● The task
What should be copied is the stretch of entries below from the line with "Pendientes dos piezas" up to and including the line with "Jalokiviorkidea Ludisia Discolorin", exactly and without images.

● Given data
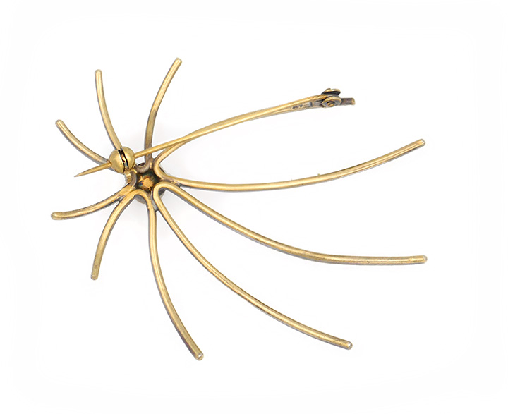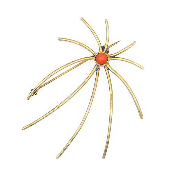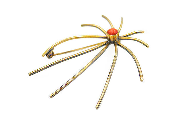 Vergoldeter Silberkorpus (900er), der mittig einen kleinen Korallen-Cabochon in Zargenfassung trägt. Hiervon gehen in unterschiedlicher Länge leicht konvex gebogene, zarte Tentakel aus. Maße ca. 6,5 x 4,5 cm, geringe Tragespuren. Rückseitig Sicherheitsverschluss mit Kugelkopf. Ungemarkt, wohl 1940er bis 60er Jahre.
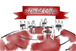 Lösen Sie die Probleme der Welt beim "Kaffeekränzchen"! World Café ist ein kreativer Ansatz zur Ideenfindung in Großgruppen: In entspannter Atmosphäre tauschen die Teilnehmer in wechselnden Untergruppen an Stehtischen ihr Wissen aus.
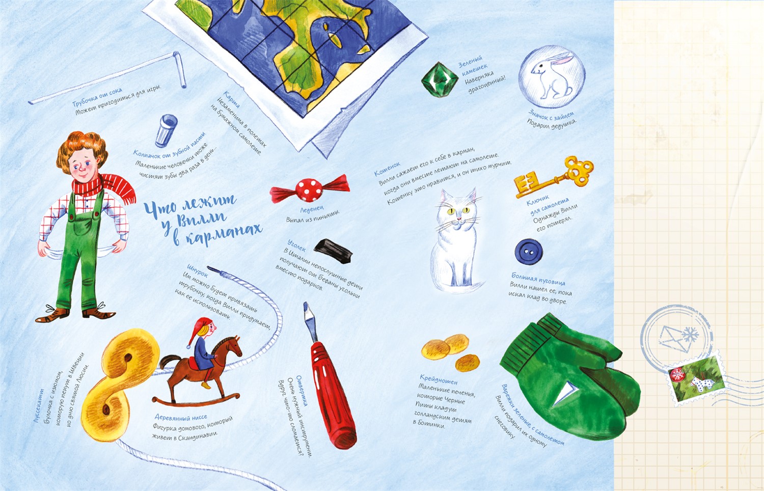 Больше всего на свете он любит находить интересные вещи и складывать их в карманы. Дома его так и зовут – Вилли Большие Карманы. В них у него хранятся несметные сокровища – крышечка от зубной пасты, шнурок, большая пуговица, ключ неизвестно от чего, зеленый камешек, трубочка от сока и значок с зайцем».
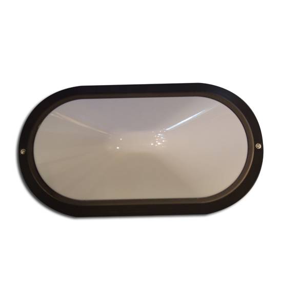 This is a bulk head which is used for outdoor lighting. The bulk head with simple design is made with black ellipse outer frame for protection. The lamp cover is made of white plastic which can even the light penetrates it.
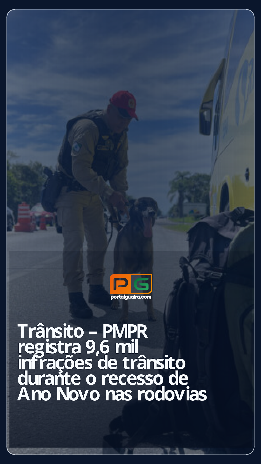 A Polícia Militar do Paraná (PMPR), por meio do Batalhão de Polícia Rodoviária (BPRv), registrou 9.664 infrações de trânsito nas rodovias estaduais do Paraná entre a zero hora de terça-feira (30) e a zero hora de segunda-feira (5), durante as ações de fiscalização do Ano-Novo. O período contou com reforço no policiamento devido ao aumento do fluxo de veículos, com foco na segurança viária.
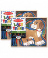 - Practice lacing skills with wooden animal-shaped lacing panels and colorful cords
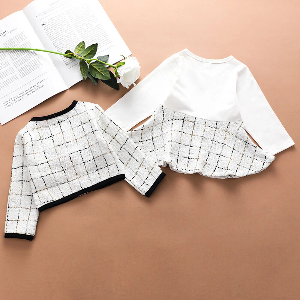 Description Features: Condition: 100% Brand New Material: Cotton Blend Style:Casual Pattern Type:Plaid Collar Type:Round Neck Sleeve Length:Long Sleeve Sleeve Type: Regular Occasion: Casual, Everyday, Party Size chart: Recommend Age Top Length CM Top Length Inch Bust CM Bust Inch Skirt Length CM Skirt Length Inch 6-12 Months 25 9.84 52 20.48 33 12.99 1-2 Years 26 10.24 54 21.26 35 13.78 2-3 Years 27 10.63 56 22.04 37 14.57 3-4 Years 28 11.02 58 22.84 39 15.35 4-5 Years 29 11.42 60 23.12 41 16.14 Package Content: 1 x Coats 1 x Dress NOTE: 1.Please compare the detail sizes with yours before you buy!!! 2.Colors may be slightly different depending on computer and monitor settings 3.Please allow 1-3cm differs due to manual measurement, thanks (All measurement in cm and please note 1cm=0.39inch) Thanks for your understanding. Detail Image Delivery Time: USA To USA: shipped by USPS, 2-4 working days UK&AU To UK&AU: shipped by Royal Mail , 1-3 working days China To USA: shipped by China Post Epacket, 7-15 working days China To UK&AU: shipped by China Post Epacket, 15-25 working days China To Other Countries: shipped by China Post Epacket, 25-35 working days Shipments & Payment: Your order will be handled within 1-2 business days after receiving your clear payment. Weekend excluded Tracking number will be provided for you ASAP. We accept PayPal. Return Policy: If you are not satisfied with the items, you can return for refund within 30 days after receives it. Buyer pay the shipping cost for return. contact me for the return address, we will refund your money within 2 days after receive the returned items. About Feedback: I appreciate your Positive comment and 5 star DSR(Detailed Seller Ratings) if you are satisfied with the items and my job, I will do better because of your encouragement. Also I will leave Positive feedback to you once I receive yours, thank you very much! Please do Not leave Neutral or Negative feedback and low DSR if you are not happy with the transaction, I think most problems can be resolved through sincere communication. We try our best to reply to your emails ASAP. However, due to high volume of daily incoming emails and time zone difference, we may not be able to reply your emails immediately. Please allow 1-2 business day for us to reponse. Please feel free to contact me if you have any question, I'll try my best to solve it for you.
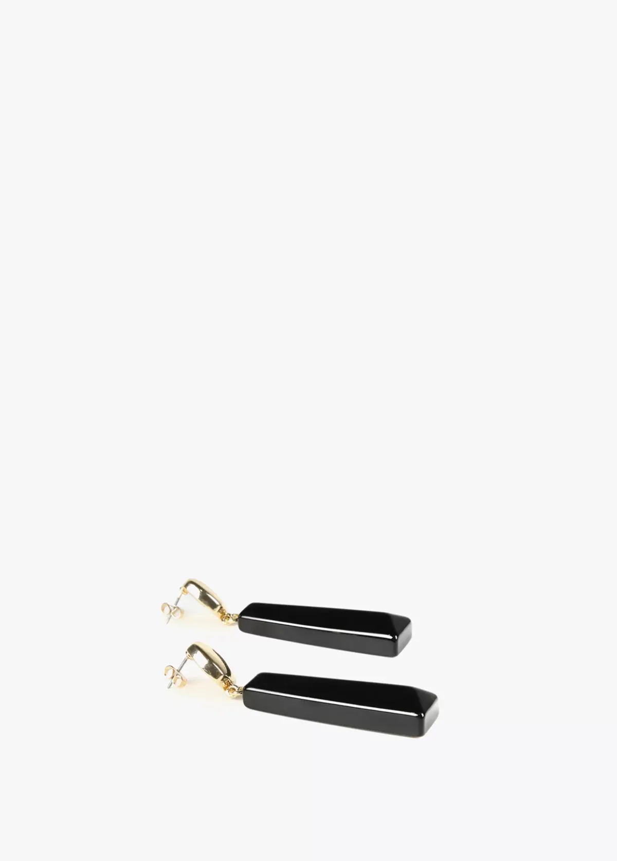 Pendientes dos piezas tipo tecla piano en color negro y detalles dorados.
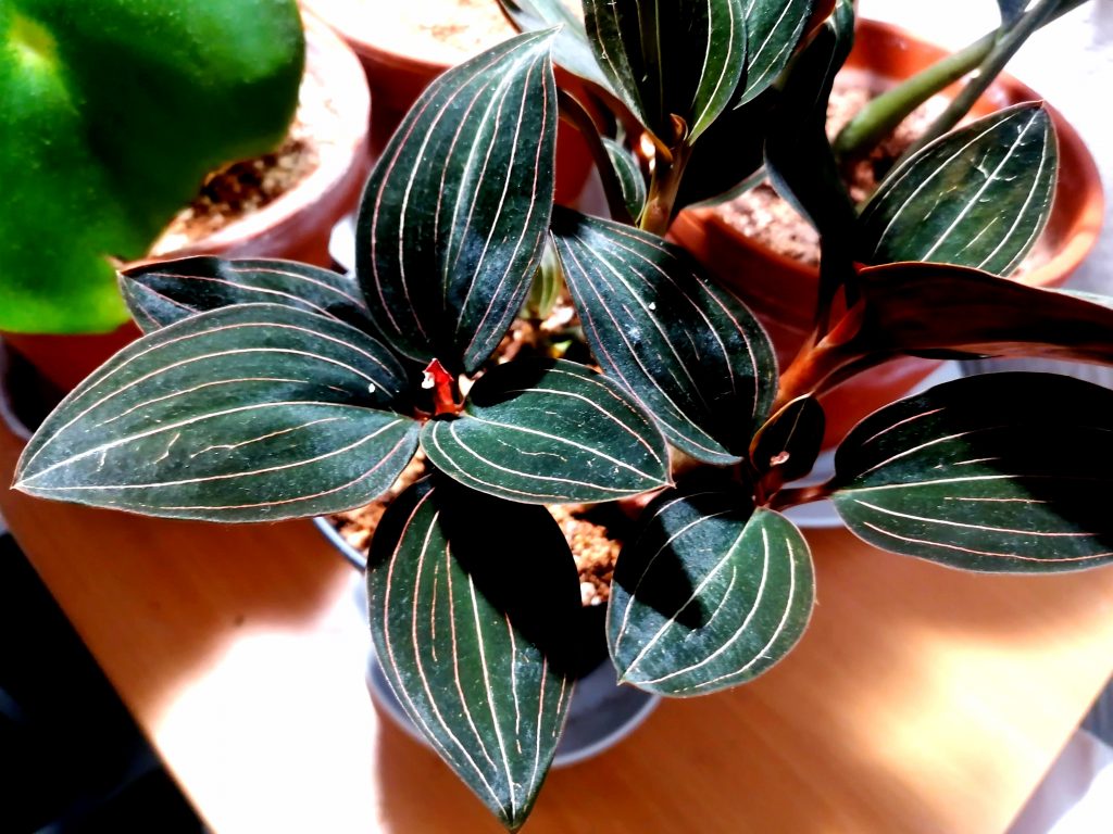 Jalokiviorkidea Ludisia Discolorin lehdet kiiltelevät jossain mustan ja vihreän välimaastossa. Kauniit kiiltävät raidat koristavat samettipintaisia lehtiä.
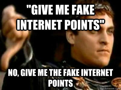 "Give me fake internet points" NO, give me the fake internet points
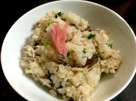 鯖の骨やひれなど固い部分を取り除いて、さっくり混ぜる。

● Answer to this exercise
 Pendientes dos piezas tipo tecla piano en color negro y detalles dorados.
 Jalokiviorkidea Ludisia Discolorin lehdet kiiltelevät jossain mustan ja vihreän välimaastossa. Kauniit kiiltävät raidat koristavat samettipintaisia lehtiä.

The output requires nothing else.